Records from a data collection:

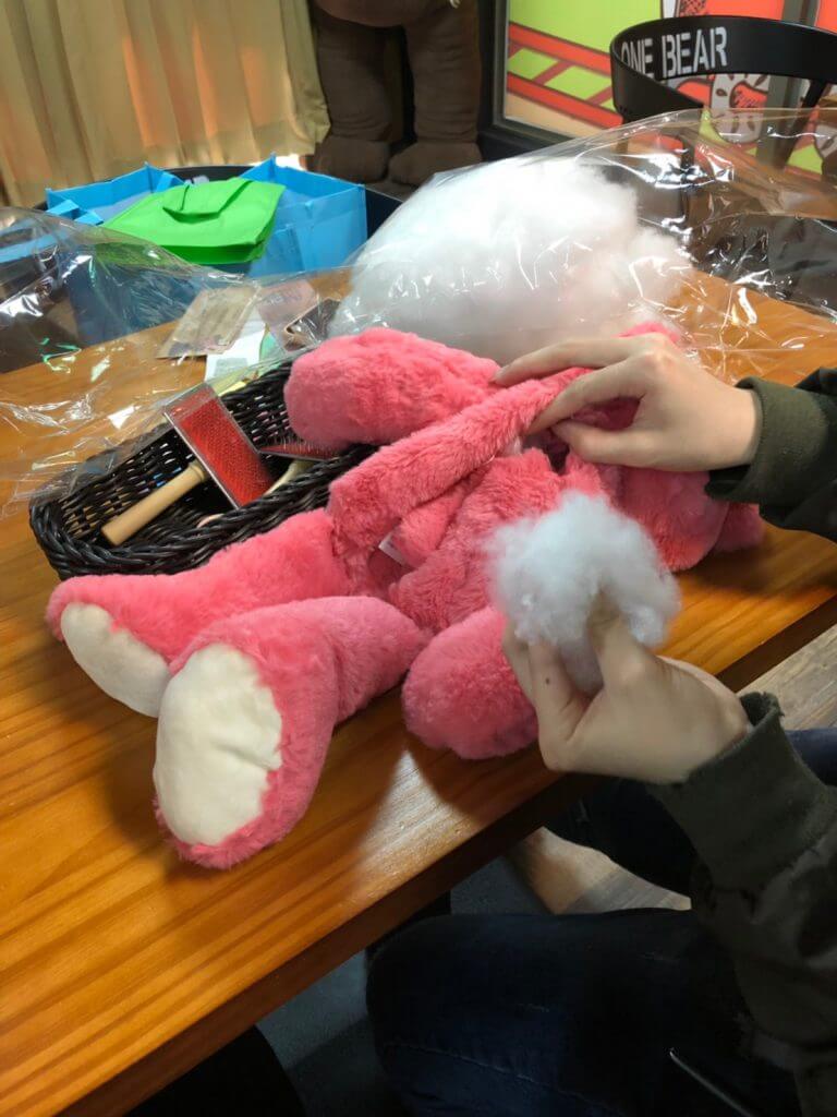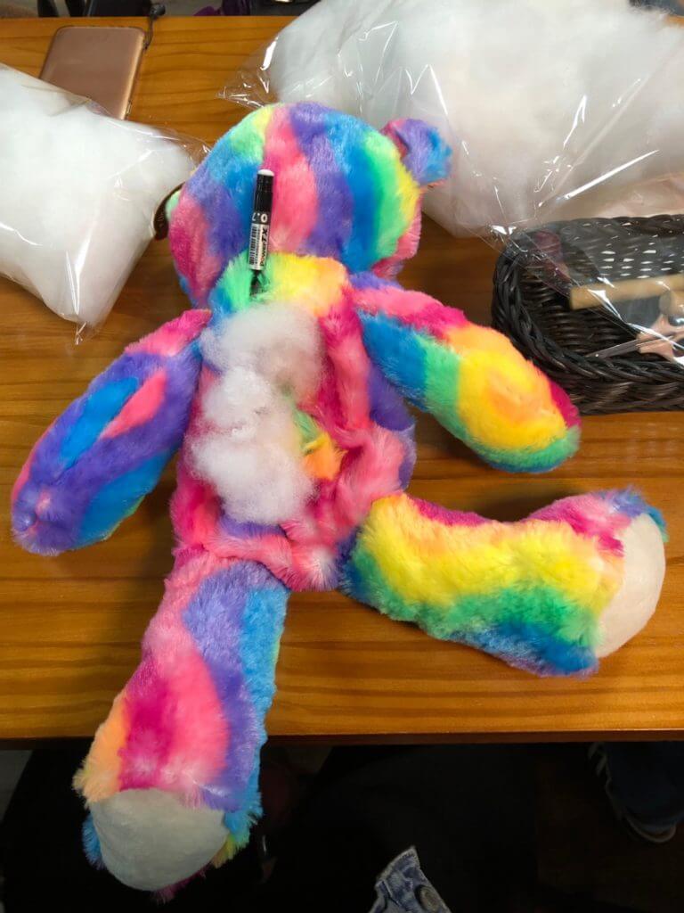 在塞棉花的時候,要注意他的線不可以一起被塞進去,不然最後結尾的時候,你的小熊可是會有縫隙的。還沒被棉花撐起來的小熊躺在桌上的畫面看起來實在很好笑哈哈哈
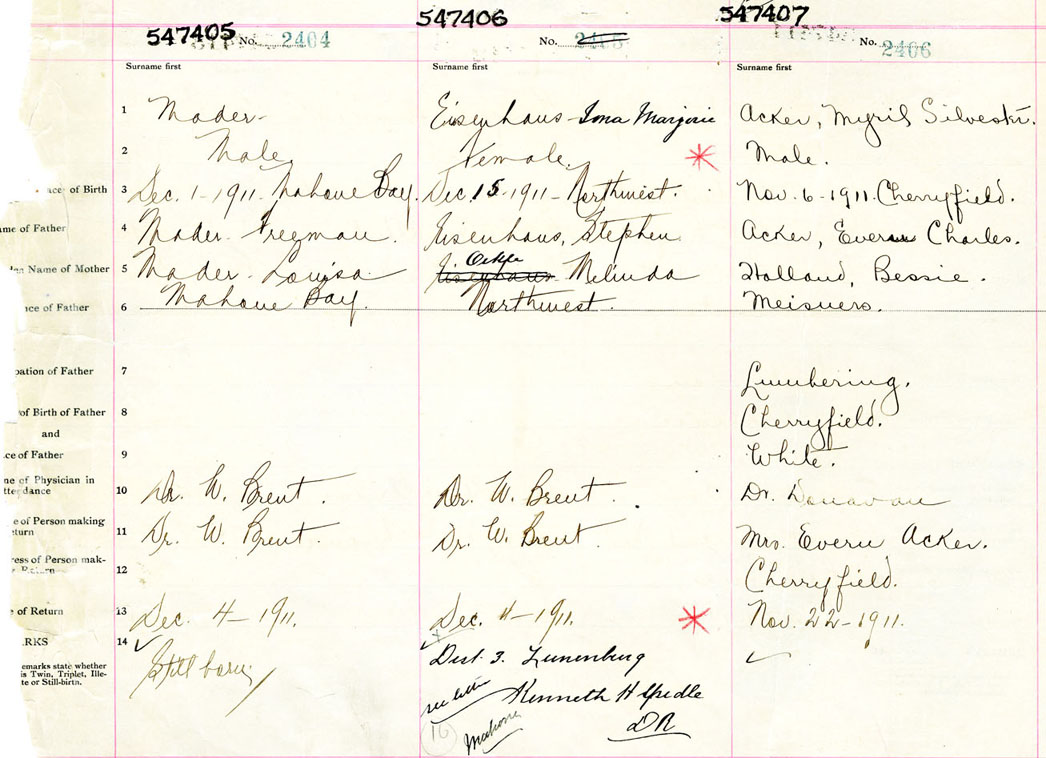 Male Birth Registration: Year: 1911 number: 54700407
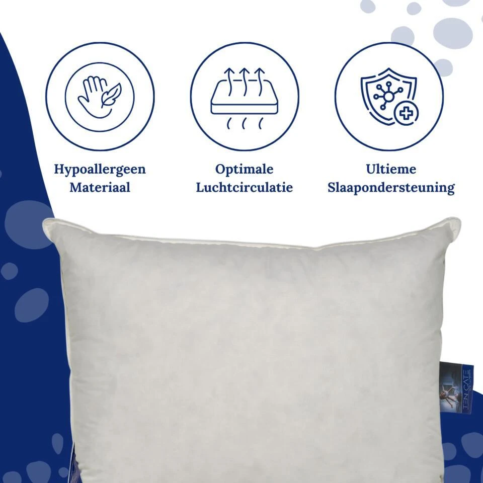Ontdek nu hét perfecte hoofdkussen voor een goede nachtrust: Het luxe donzen hoofdkussen van Ten Cate. Dit veerkrachtige maar toch stevige kussen is geschikt voor alle slaaphoudingen en biedt het ultieme comfort waarnaar je verlangt. Of je nu een buik-, rug-, of zijslaper bent, dit donzen kussen past zich perfect aan jouw slaaphouding aan. De unieke vulling van 1200 gram zorgt voor de perfecte ondersteuning tijdens uw slaap. Het eendendons zorgt voor dat heerlijke zachte gevoel, terwijl de eendenveren de juiste stevigheid bieden. Dé perfecte combinatie als je graag in verschillende houdingen slaapt.
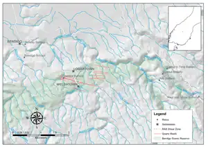 Mining continued until 1943, when the government mining subsidy was withdrawn.[3] Renewed interest since then has triggered activity in the 1980s, early in the 21st century, and again in the 2020s.[4] The Bendigo Goldfields region is located 17 kilometres (11 mi) to the northeast of Cromwell, at the head of Lake Dunstan.
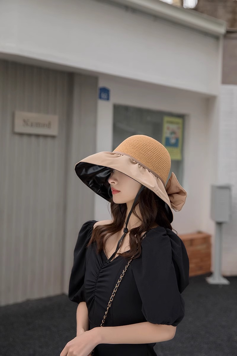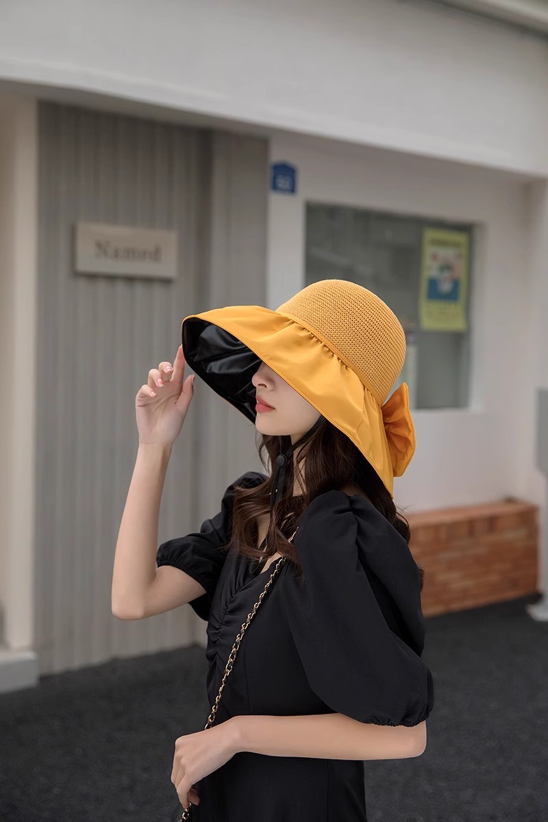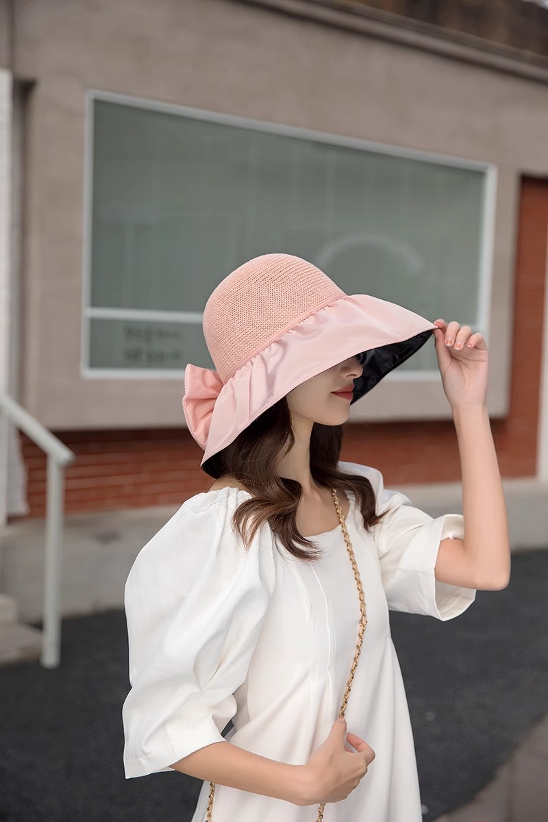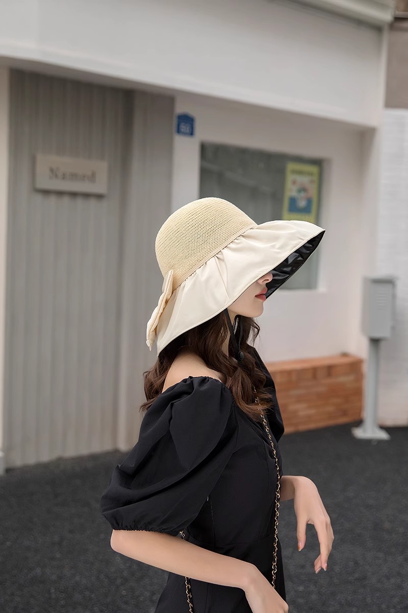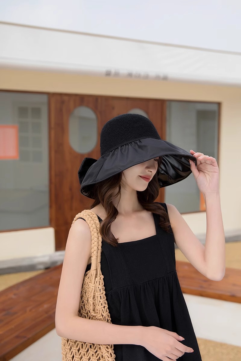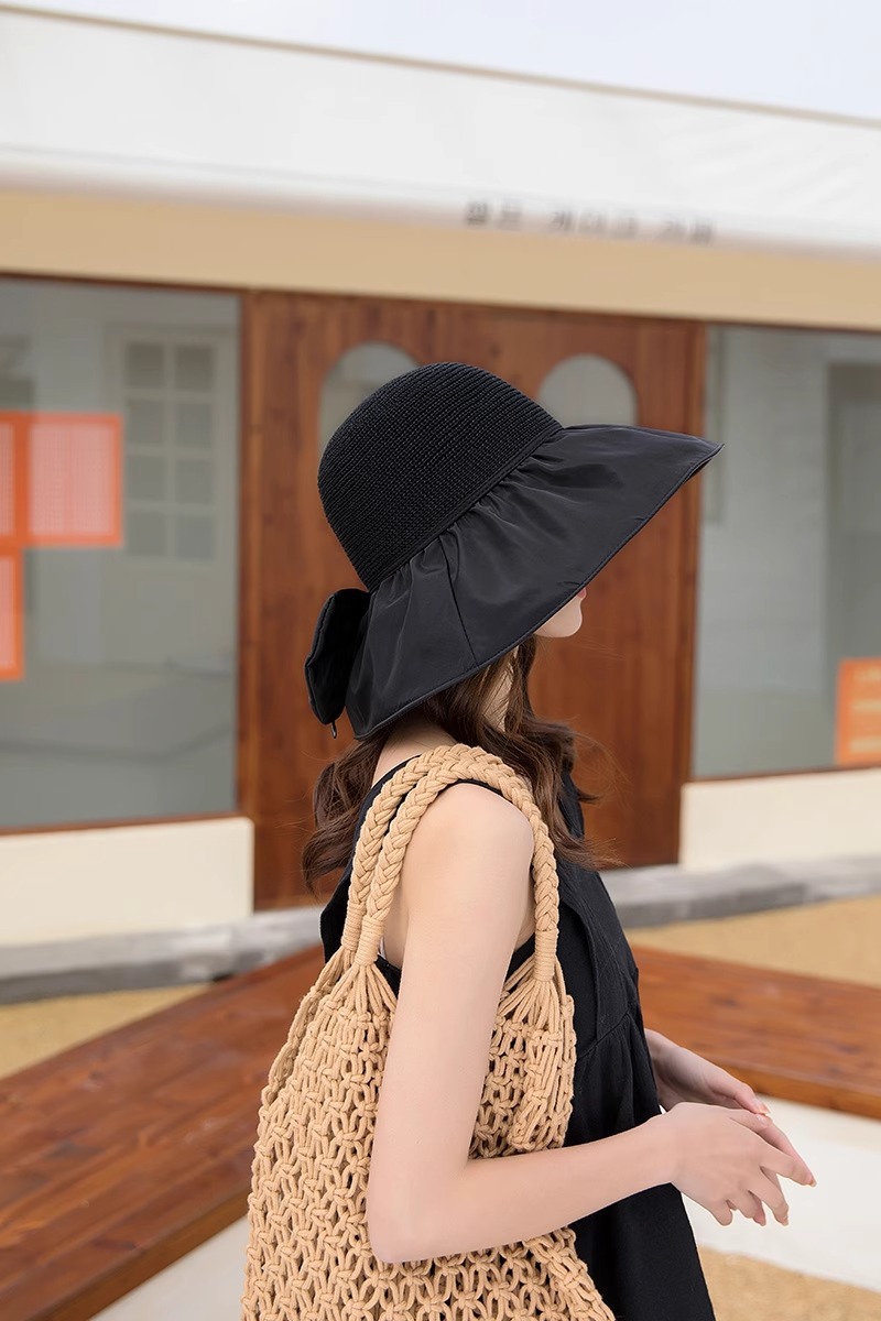 女性用帽子、夏用大きなつばのビニール漁師の帽子、蝶結びの日よけ帽子、顔を覆う収納袋、日焼け止め帽子、日よけ帽子
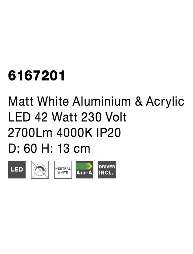 Matt White Aluminium & Acrylic LED 42 Watt 230 Volt 2700Lm 4000K IP20 D: 60 H: 13 cm
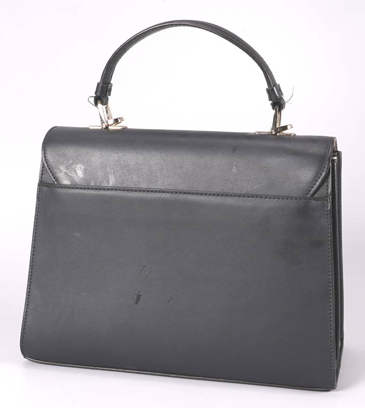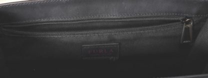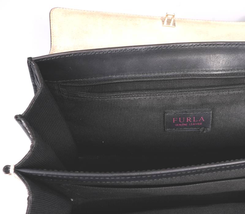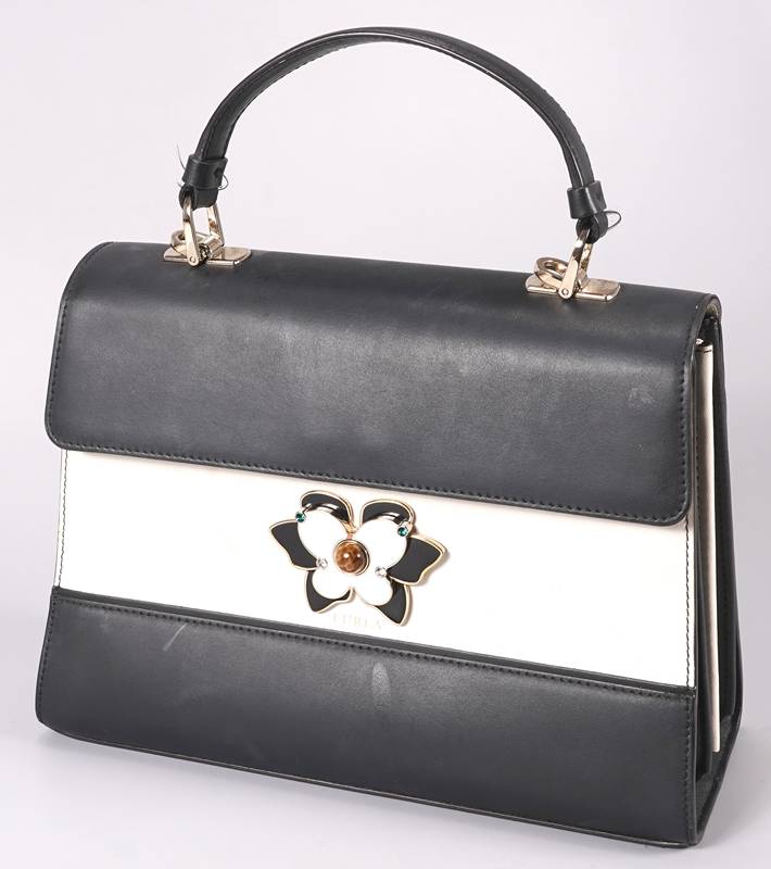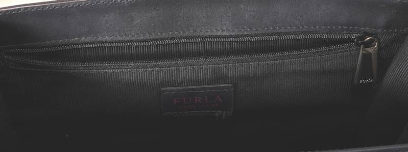 Lederhandtasche in Schwarz und Weiß, mit Henkel und Blumenapplikation. Innen mit zwei Hauptfächern, diese jeweils mit Nebenfach. Innen eingenähtes Etikett mit Markennamen. Außen unter der Blüte mit Markennamen "Furla". Größe ca. 26,5 x 11 cm, Höhe ca. 20 cm (mit Henkel ca. 30 cm. Leichte Gebrauchsspuren.
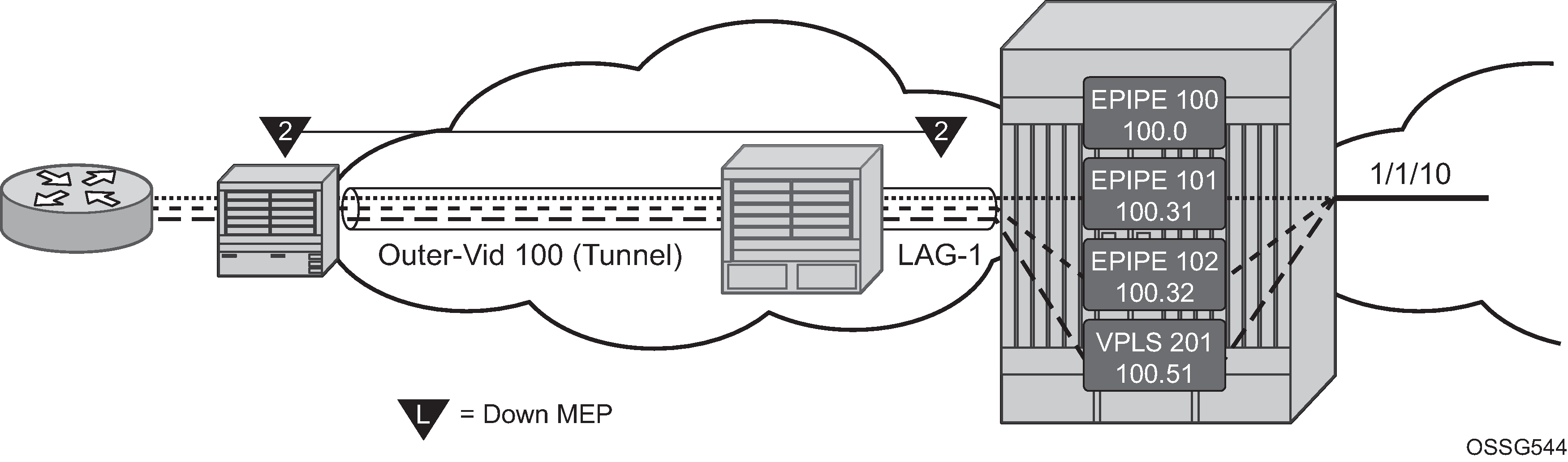 - tunnel (logical) – enables fate sharing of a MEP configured on a QinQ encapsulated access LAG and outer VLAN-ID

◆ **REQUIRED ACTION**:
Set down every entry word for word, but omit the pictures.

◆ **SOLUTION FOR THIS PROBLEM**:
 在塞棉花的時候,要注意他的線不可以一起被塞進去,不然最後結尾的時候,你的小熊可是會有縫隙的。還沒被棉花撐起來的小熊躺在桌上的畫面看起來實在很好笑哈哈哈
 Male Birth Registration: Year: 1911 number: 54700407
Ontdek nu hét perfecte hoofdkussen voor een goede nachtrust: Het luxe donzen hoofdkussen van Ten Cate. Dit veerkrachtige maar toch stevige kussen is geschikt voor alle slaaphoudingen en biedt het ultieme comfort waarnaar je verlangt. Of je nu een buik-, rug-, of zijslaper bent, dit donzen kussen past zich perfect aan jouw slaaphouding aan. De unieke vulling van 1200 gram zorgt voor de perfecte ondersteuning tijdens uw slaap. Het eendendons zorgt voor dat heerlijke zachte gevoel, terwijl de eendenveren de juiste stevigheid bieden. Dé perfecte combinatie als je graag in verschillende houdingen slaapt.
 Mining continued until 1943, when the government mining subsidy was withdrawn.[3] Renewed interest since then has triggered activity in the 1980s, early in the 21st century, and again in the 2020s.[4] The Bendigo Goldfields region is located 17 kilometres (11 mi) to the northeast of Cromwell, at the head of Lake Dunstan.
 女性用帽子、夏用大きなつばのビニール漁師の帽子、蝶結びの日よけ帽子、顔を覆う収納袋、日焼け止め帽子、日よけ帽子
 Matt White Aluminium & Acrylic LED 42 Watt 230 Volt 2700Lm 4000K IP20 D: 60 H: 13 cm
 Lederhandtasche in Schwarz und Weiß, mit Henkel und Blumenapplikation. Innen mit zwei Hauptfächern, diese jeweils mit Nebenfach. Innen eingenähtes Etikett mit Markennamen. Außen unter der Blüte mit Markennamen "Furla". Größe ca. 26,5 x 11 cm, Höhe ca. 20 cm (mit Henkel ca. 30 cm. Leichte Gebrauchsspuren.
 - tunnel (logical) – enables fate sharing of a MEP configured on a QinQ encapsulated access LAG and outer VLAN-ID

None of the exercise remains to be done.